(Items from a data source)
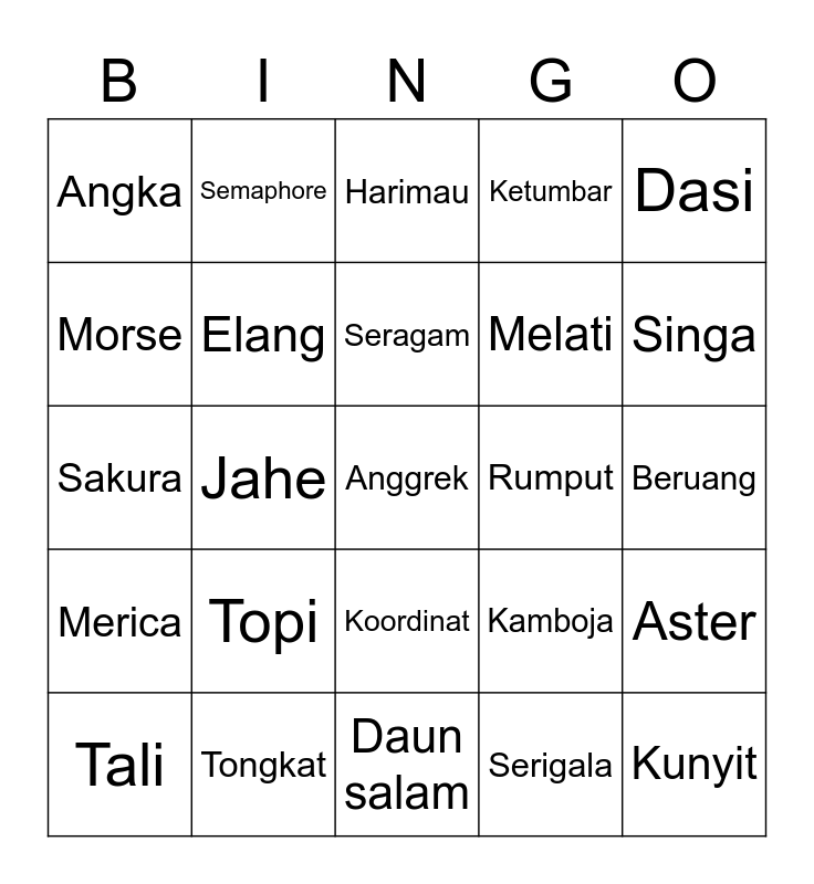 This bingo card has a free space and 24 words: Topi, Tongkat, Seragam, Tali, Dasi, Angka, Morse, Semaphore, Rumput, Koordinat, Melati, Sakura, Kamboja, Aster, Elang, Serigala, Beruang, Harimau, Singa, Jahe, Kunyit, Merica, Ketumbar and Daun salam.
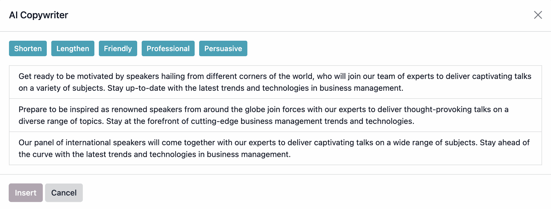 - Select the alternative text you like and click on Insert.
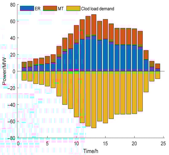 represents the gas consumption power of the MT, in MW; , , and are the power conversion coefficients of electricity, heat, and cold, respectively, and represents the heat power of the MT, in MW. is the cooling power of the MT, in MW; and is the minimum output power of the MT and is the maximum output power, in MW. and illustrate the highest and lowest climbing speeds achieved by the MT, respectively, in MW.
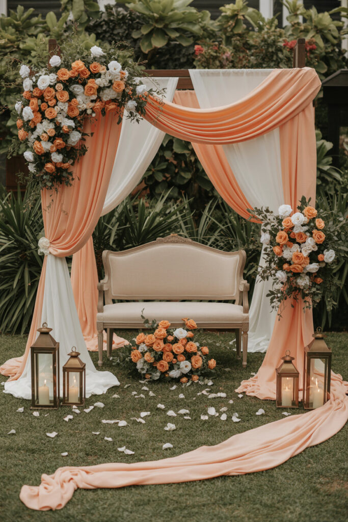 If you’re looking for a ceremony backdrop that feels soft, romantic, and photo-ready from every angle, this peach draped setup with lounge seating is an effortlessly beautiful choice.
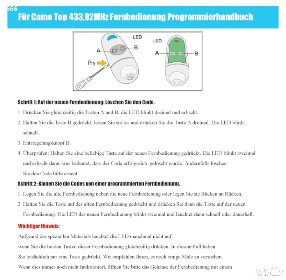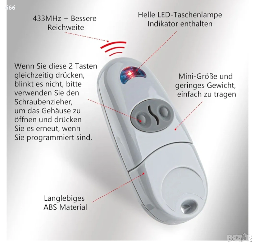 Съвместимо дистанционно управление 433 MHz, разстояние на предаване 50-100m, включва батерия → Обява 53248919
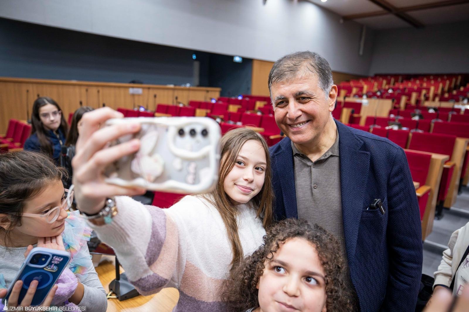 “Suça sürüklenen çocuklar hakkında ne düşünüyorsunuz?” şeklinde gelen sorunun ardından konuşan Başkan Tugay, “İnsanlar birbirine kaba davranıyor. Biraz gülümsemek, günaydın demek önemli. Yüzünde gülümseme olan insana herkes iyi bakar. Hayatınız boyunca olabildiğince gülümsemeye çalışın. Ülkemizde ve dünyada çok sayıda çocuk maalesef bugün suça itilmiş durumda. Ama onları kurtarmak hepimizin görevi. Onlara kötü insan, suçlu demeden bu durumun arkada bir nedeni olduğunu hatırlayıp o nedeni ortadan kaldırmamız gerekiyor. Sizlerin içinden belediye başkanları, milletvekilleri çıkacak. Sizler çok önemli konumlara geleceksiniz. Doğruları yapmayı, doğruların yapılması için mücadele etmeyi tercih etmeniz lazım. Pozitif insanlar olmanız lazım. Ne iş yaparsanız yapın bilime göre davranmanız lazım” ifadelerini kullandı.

Exercise brief: The records above are to be transcribed in full, with images omitted.

Answer for this exercise:
 This bingo card has a free space and 24 words: Topi, Tongkat, Seragam, Tali, Dasi, Angka, Morse, Semaphore, Rumput, Koordinat, Melati, Sakura, Kamboja, Aster, Elang, Serigala, Beruang, Harimau, Singa, Jahe, Kunyit, Merica, Ketumbar and Daun salam.
 - Select the alternative text you like and click on Insert.
 represents the gas consumption power of the MT, in MW; , , and are the power conversion coefficients of electricity, heat, and cold, respectively, and represents the heat power of the MT, in MW. is the cooling power of the MT, in MW; and is the minimum output power of the MT and is the maximum output power, in MW. and illustrate the highest and lowest climbing speeds achieved by the MT, respectively, in MW.
 If you’re looking for a ceremony backdrop that feels soft, romantic, and photo-ready from every angle, this peach draped setup with lounge seating is an effortlessly beautiful choice.
 Съвместимо дистанционно управление 433 MHz, разстояние на предаване 50-100m, включва батерия → Обява 53248919
 “Suça sürüklenen çocuklar hakkında ne düşünüyorsunuz?” şeklinde gelen sorunun ardından konuşan Başkan Tugay, “İnsanlar birbirine kaba davranıyor. Biraz gülümsemek, günaydın demek önemli. Yüzünde gülümseme olan insana herkes iyi bakar. Hayatınız boyunca olabildiğince gülümsemeye çalışın. Ülkemizde ve dünyada çok sayıda çocuk maalesef bugün suça itilmiş durumda. Ama onları kurtarmak hepimizin görevi. Onlara kötü insan, suçlu demeden bu durumun arkada bir nedeni olduğunu hatırlayıp o nedeni ortadan kaldırmamız gerekiyor. Sizlerin içinden belediye başkanları, milletvekilleri çıkacak. Sizler çok önemli konumlara geleceksiniz. Doğruları yapmayı, doğruların yapılması için mücadele etmeyi tercih etmeniz lazım. Pozitif insanlar olmanız lazım. Ne iş yaparsanız yapın bilime göre davranmanız lazım” ifadelerini kullandı.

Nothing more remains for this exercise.